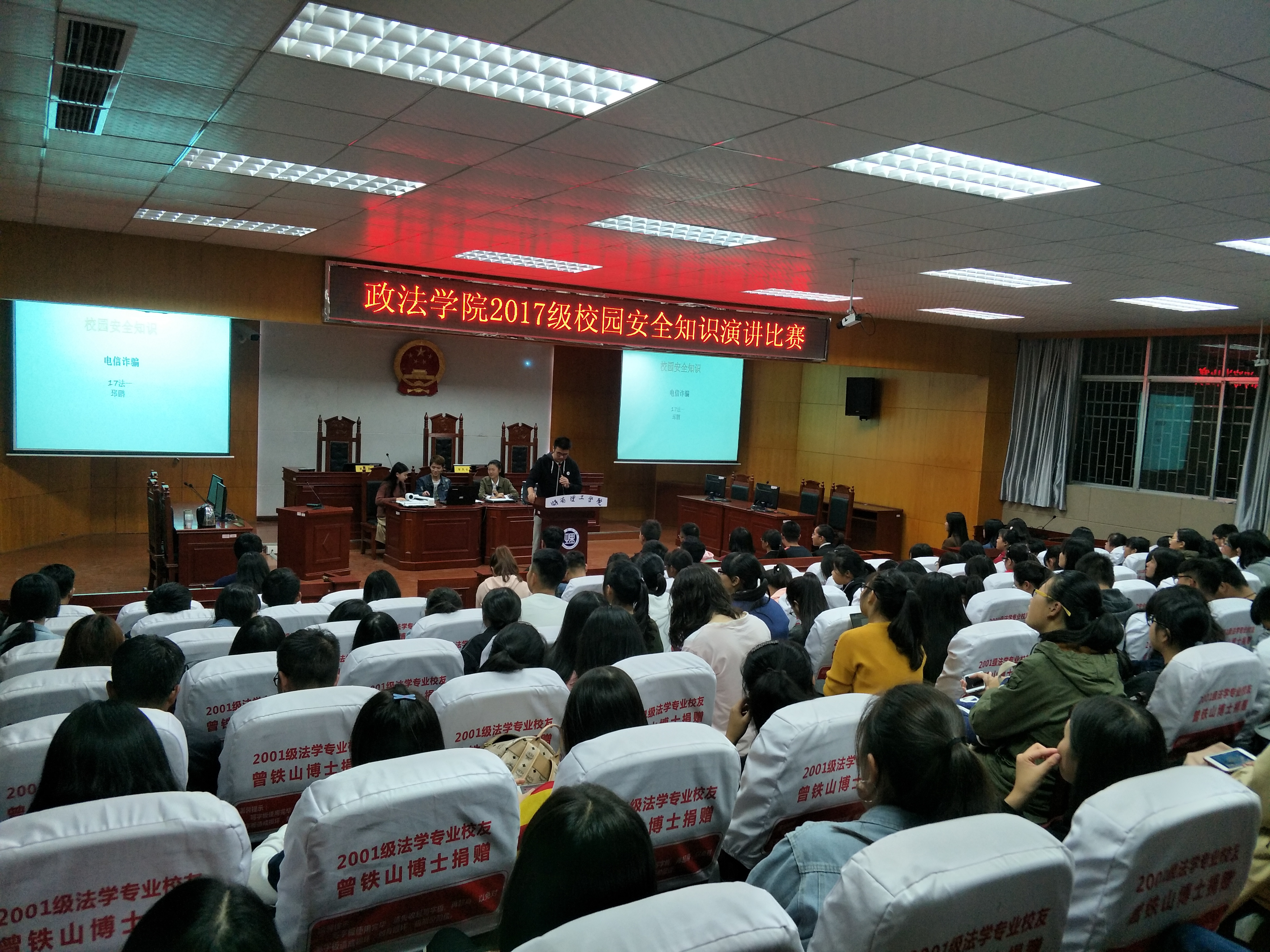 为提高员工的安全防范意识,营造平安和谐的校园环境,10月31日晚7时,政MK体育在8号教学楼模拟法庭开展校园安全知识演讲比赛,公司团学分会员工干部、2017级员工参加了此次演讲比赛。
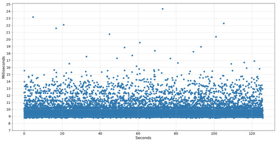Given this, the data acquisition of the IMU sensor was implemented in a thread programmed to collect a sample every 8 ms, ideally resulting in a sampling frequency of 125 Hz. However, due to the sharing of processing power with the other tasks, the data collected showed acquisitions of 99–100 Hz. Furthermore, the average time interval between each collection was 9.8 ms, with some peaks above 24 ms. The chart in Figure 3 displays the time difference between each sample collected by the wearable system in an example of an acquisition performed.
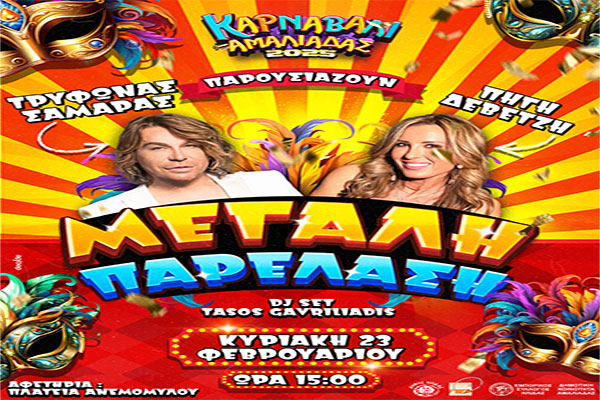 Δ.Ήλιδας: Ο Τρύφωνας Σαμαράς και η Ολυμπιονίκης Πηγή Δεβετζή θα παρουσιάσουν τη μεγάλη παρέλαση του «Καρναβαλιού Αμαλιάδας», την Κυριακή 23 Φεβρουαρίου
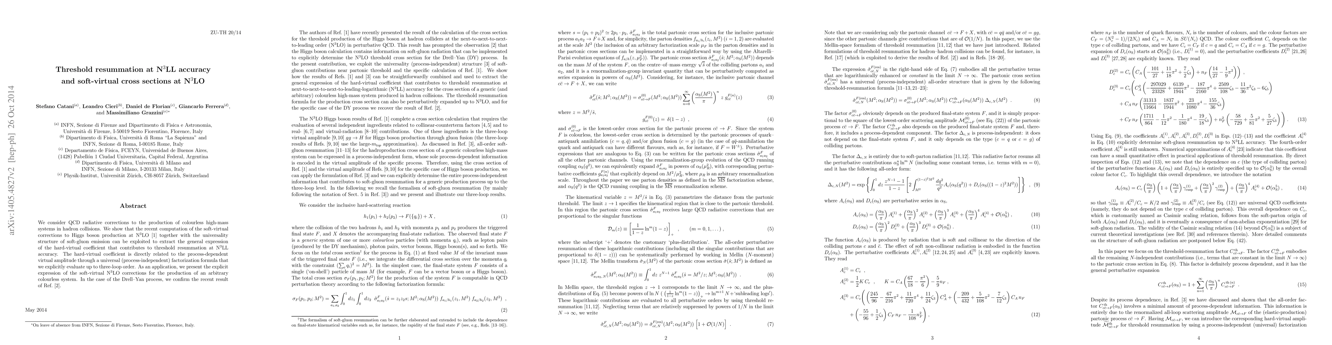 This paper presents QCD radiative corrections for the production of high-mass colourless systems, achieving N$^3$LL resummation accuracy and N$^3$LO soft-virtual cross sections. The study leverages recent N$^3$LO computations and universality to derive the hard-virtual coefficient for threshold resummation, confirming results for the Drell-Yan process.
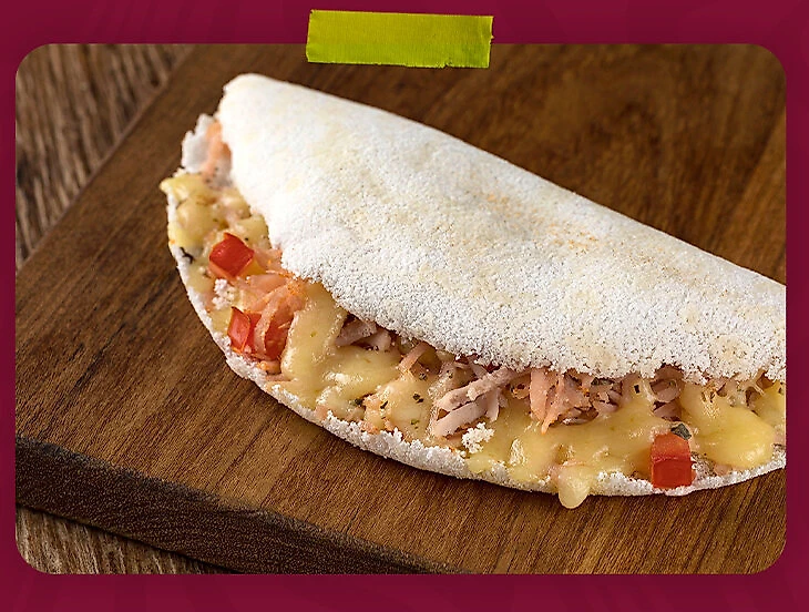 Тапиока – это такой начиненный блинчик. Но на русский блин он похож разве что круглой формой. В тесте лишь один ингредиент – крахмальная мука (эта мука и называется тапиокой). Никакого масла и яиц! Готовится элементарно – может, поэтому в Бразилии тапиоку так любят?
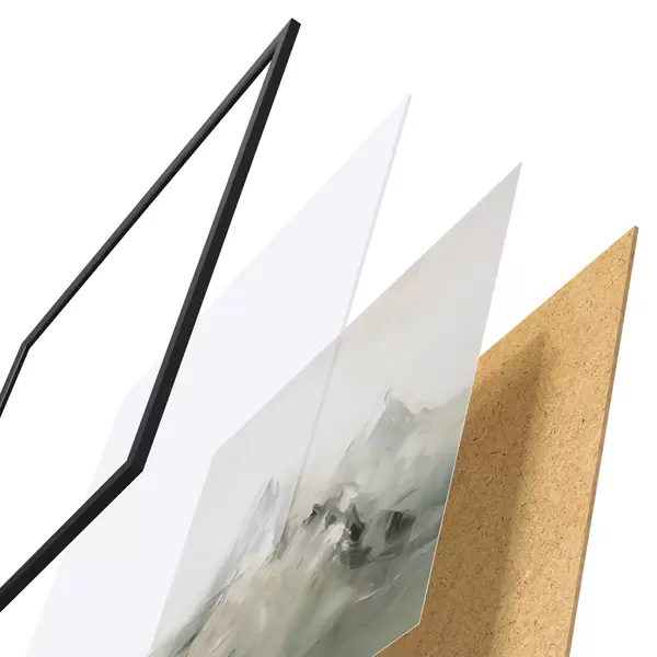 Das Poster besteht aus einem Rahmen, Plexiglas, einem gedruckten Bild und einer Rückwand aus Spanplatten. Dank der Halterungen auf der Rückseite kann das Poster sofort an die Wand gehängt werden.
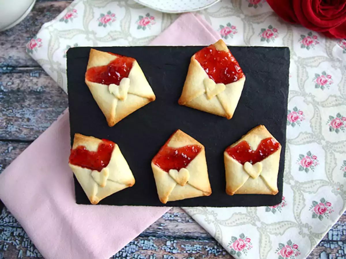 Bagaimana jika Anda menulis surat cinta yang indah untuk pasangan Anda di Hari Valentine? Tidak terinspirasi? Baiklah, kami akan menyimpan ide surat itu, tapi surat itu akan bisa dimakan! Surat itu diubah menjadi selai, yang bisa dimasukkan ke dalam roti pendek berbentuk amplop, disegel dengan hati yang cantik. Lumayan, bukan? Lebih mudah dibuat daripada menulis surat dan dijamin akan terlihat bagus ;-) Terlebih lagi, Anda hanya membutuhkan 2 bahan saja! Luar biasa ;-) Ikuti petunjuk langkah demi langkah tentang cara membuat kudapan manis ini dan cara melipatnya untuk mendapatkan hasil yang indah ini.
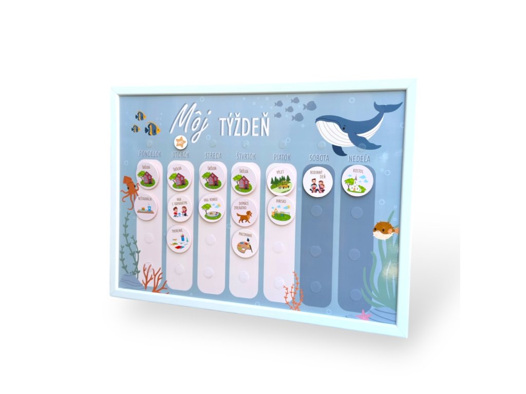 Týždenný kalendár na suchý zips- OCEÁN Interaktívny kalendár, A3, 35 kartičiek na suchý zips
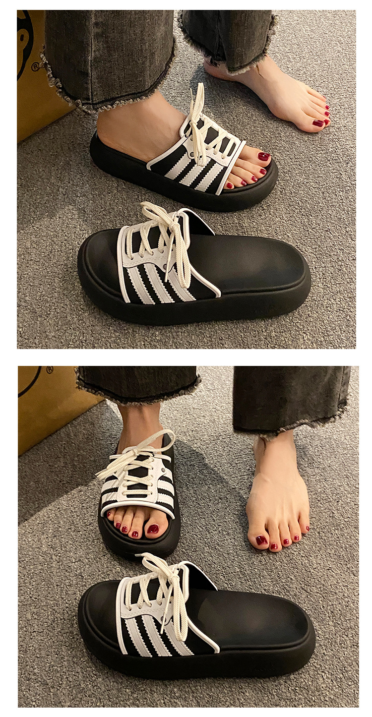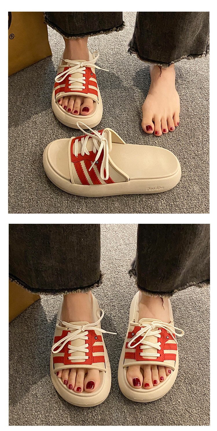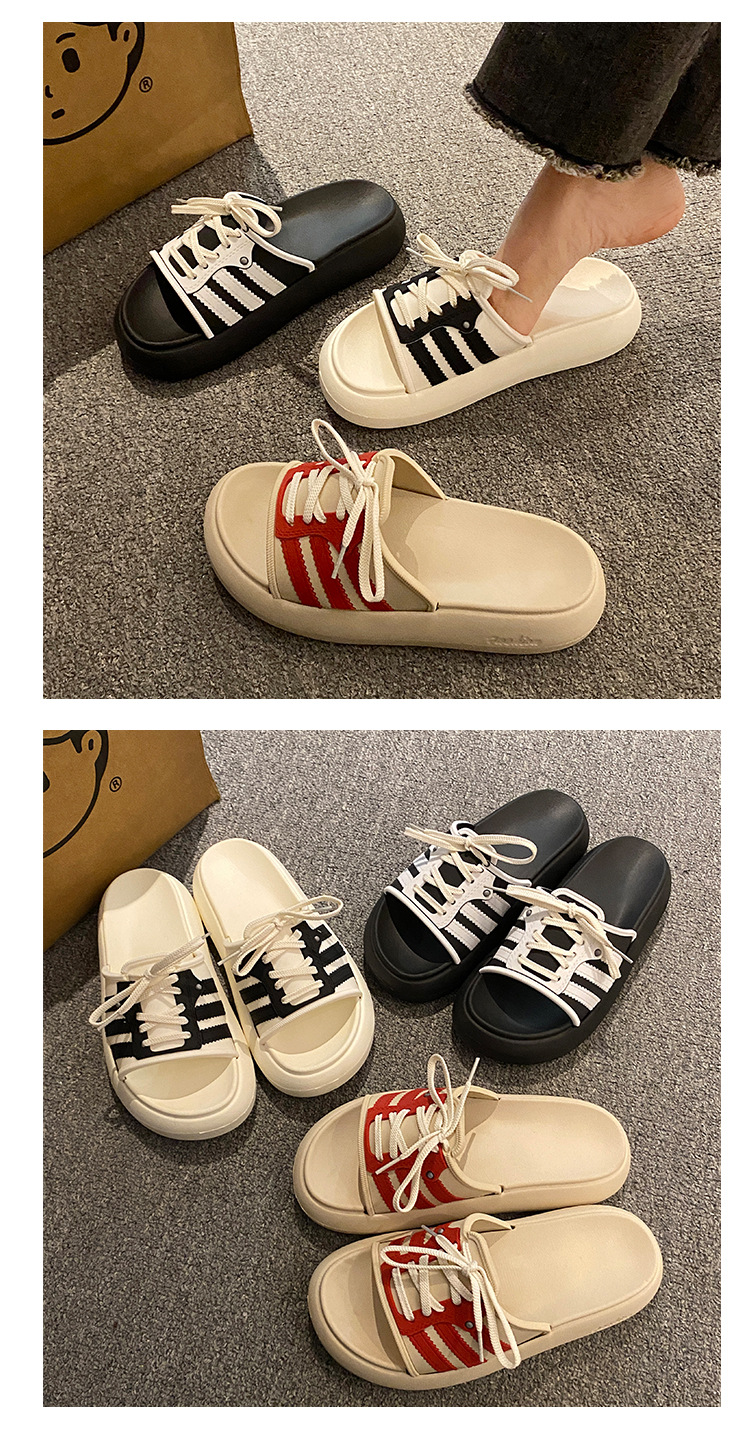 에바 슬리퍼 여성의 여름 외부 착용 두꺼운 단독 슬립 온 느낌 트랩 인기 패션 레이스 업 해변 슬리퍼
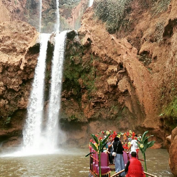 Today we drive via the motorwa to cross the beni mellal area for the famous ouzoud waterfalls, there where you will have enough time for a walk from the top to the bottom via foot bath, optional boat promenade, before to meet monkeys the main wild life at this area, enjoy a fresh Food in front of the falls, by the evening drive to Marrakech . overnight in Marrakech.
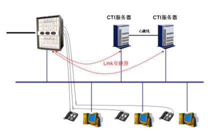 采用Hi-Link鏈路級雙機備份機制可有效地防止呼叫中心系統(tǒng)單點故障的發(fā)生。呼叫中心兩臺互為熱備的CTI系統(tǒng)通過獨立的CTI Link鏈路連接到交換機,使得該雙機熱備方案真正成為無單點故障的熱備方案。系統(tǒng)框圖如下:
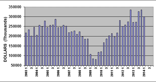 The historical data shows that the shipments total typically declines in the first quarter of the year when compared with the fourth quarter of the previous year. Due to tax considerations and other budget-related reasons, the fourth quarter is usually the strongest quarter of the year for machinery shipments, and the first quarter is often the weakest. Nevertheless, 2014 is off to a good start. The total for Q1 of this year represented a robust gain of almost 11% when compared with the same quarter of 2013. For the sake of comparison, the total value for primary plastics equipment shipments in 2013 was up 8% when compared with the annual total from 2012.
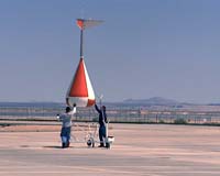 Parachute "We did some analysis that showed there was a three-to-five percent chance, depending on wind conditions, that the lander would have some kind of re-contact with the parachute," said Rob Grover, chief of the Phoenix entry, descent and landing team at JPL. "The worst situation would be to have the parachute come down right on top of the lander and prevent deployment of the solar arrays." Rather than rely on the odds against such an occurrence, engineers designed a maneuver for the lander to avoid the parachute. Horizontal motion identified by the radar while the lander is still connected to the parachute will indicate wind direction and speed. If the wind is strong, the parachute will blow away on its own. If the wind is weak, the lander will use its thrusters after separating from the parachute to push itself upwind, away from the falling parachute.
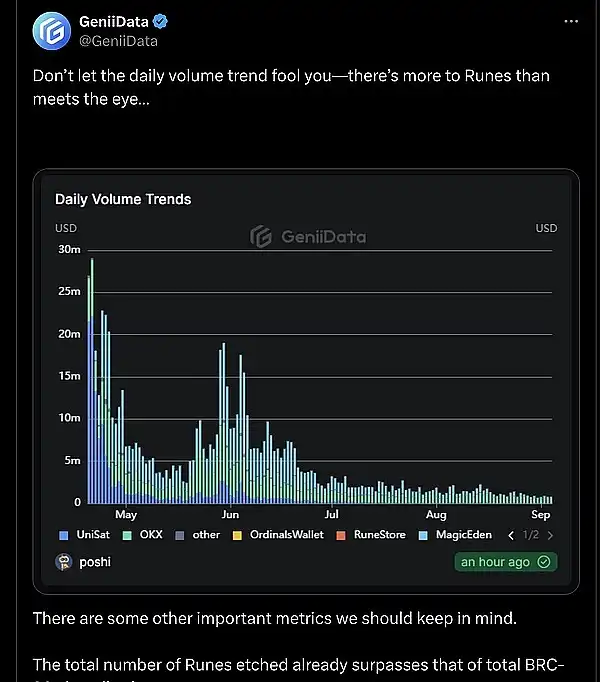 ● 在短短 5 个月内,符文已经产生了超过 2,200 BTC 的费用,按 58,000 美元的 $BTC 价格计算,相当于超过 1.27 亿美元。@GeniiData
☆ ☆ ☆ ☆ ☆ ☆ ☆
EXERCISE GOAL →
Give back every line of the material above word for word, leaving out the pictures.

RESPONSE TO THIS EXERCISE →
 为提高员工的安全防范意识,营造平安和谐的校园环境,10月31日晚7时,政MK体育在8号教学楼模拟法庭开展校园安全知识演讲比赛,公司团学分会员工干部、2017级员工参加了此次演讲比赛。
Given this, the data acquisition of the IMU sensor was implemented in a thread programmed to collect a sample every 8 ms, ideally resulting in a sampling frequency of 125 Hz. However, due to the sharing of processing power with the other tasks, the data collected showed acquisitions of 99–100 Hz. Furthermore, the average time interval between each collection was 9.8 ms, with some peaks above 24 ms. The chart in Figure 3 displays the time difference between each sample collected by the wearable system in an example of an acquisition performed.
 Δ.Ήλιδας: Ο Τρύφωνας Σαμαράς και η Ολυμπιονίκης Πηγή Δεβετζή θα παρουσιάσουν τη μεγάλη παρέλαση του «Καρναβαλιού Αμαλιάδας», την Κυριακή 23 Φεβρουαρίου
 This paper presents QCD radiative corrections for the production of high-mass colourless systems, achieving N$^3$LL resummation accuracy and N$^3$LO soft-virtual cross sections. The study leverages recent N$^3$LO computations and universality to derive the hard-virtual coefficient for threshold resummation, confirming results for the Drell-Yan process.
 Тапиока – это такой начиненный блинчик. Но на русский блин он похож разве что круглой формой. В тесте лишь один ингредиент – крахмальная мука (эта мука и называется тапиокой). Никакого масла и яиц! Готовится элементарно – может, поэтому в Бразилии тапиоку так любят?
 Das Poster besteht aus einem Rahmen, Plexiglas, einem gedruckten Bild und einer Rückwand aus Spanplatten. Dank der Halterungen auf der Rückseite kann das Poster sofort an die Wand gehängt werden.
 Bagaimana jika Anda menulis surat cinta yang indah untuk pasangan Anda di Hari Valentine? Tidak terinspirasi? Baiklah, kami akan menyimpan ide surat itu, tapi surat itu akan bisa dimakan! Surat itu diubah menjadi selai, yang bisa dimasukkan ke dalam roti pendek berbentuk amplop, disegel dengan hati yang cantik. Lumayan, bukan? Lebih mudah dibuat daripada menulis surat dan dijamin akan terlihat bagus ;-) Terlebih lagi, Anda hanya membutuhkan 2 bahan saja! Luar biasa ;-) Ikuti petunjuk langkah demi langkah tentang cara membuat kudapan manis ini dan cara melipatnya untuk mendapatkan hasil yang indah ini.
 Týždenný kalendár na suchý zips- OCEÁN Interaktívny kalendár, A3, 35 kartičiek na suchý zips
 에바 슬리퍼 여성의 여름 외부 착용 두꺼운 단독 슬립 온 느낌 트랩 인기 패션 레이스 업 해변 슬리퍼
 Today we drive via the motorwa to cross the beni mellal area for the famous ouzoud waterfalls, there where you will have enough time for a walk from the top to the bottom via foot bath, optional boat promenade, before to meet monkeys the main wild life at this area, enjoy a fresh Food in front of the falls, by the evening drive to Marrakech . overnight in Marrakech.
 采用Hi-Link鏈路級雙機備份機制可有效地防止呼叫中心系統(tǒng)單點故障的發(fā)生。呼叫中心兩臺互為熱備的CTI系統(tǒng)通過獨立的CTI Link鏈路連接到交換機,使得該雙機熱備方案真正成為無單點故障的熱備方案。系統(tǒng)框圖如下:
 The historical data shows that the shipments total typically declines in the first quarter of the year when compared with the fourth quarter of the previous year. Due to tax considerations and other budget-related reasons, the fourth quarter is usually the strongest quarter of the year for machinery shipments, and the first quarter is often the weakest. Nevertheless, 2014 is off to a good start. The total for Q1 of this year represented a robust gain of almost 11% when compared with the same quarter of 2013. For the sake of comparison, the total value for primary plastics equipment shipments in 2013 was up 8% when compared with the annual total from 2012.
 Parachute "We did some analysis that showed there was a three-to-five percent chance, depending on wind conditions, that the lander would have some kind of re-contact with the parachute," said Rob Grover, chief of the Phoenix entry, descent and landing team at JPL. "The worst situation would be to have the parachute come down right on top of the lander and prevent deployment of the solar arrays." Rather than rely on the odds against such an occurrence, engineers designed a maneuver for the lander to avoid the parachute. Horizontal motion identified by the radar while the lander is still connected to the parachute will indicate wind direction and speed. If the wind is strong, the parachute will blow away on its own. If the wind is weak, the lander will use its thrusters after separating from the parachute to push itself upwind, away from the falling parachute.
 ● 在短短 5 个月内,符文已经产生了超过 2,200 BTC 的费用,按 58,000 美元的 $BTC 价格计算,相当于超过 1.27 亿美元。@GeniiData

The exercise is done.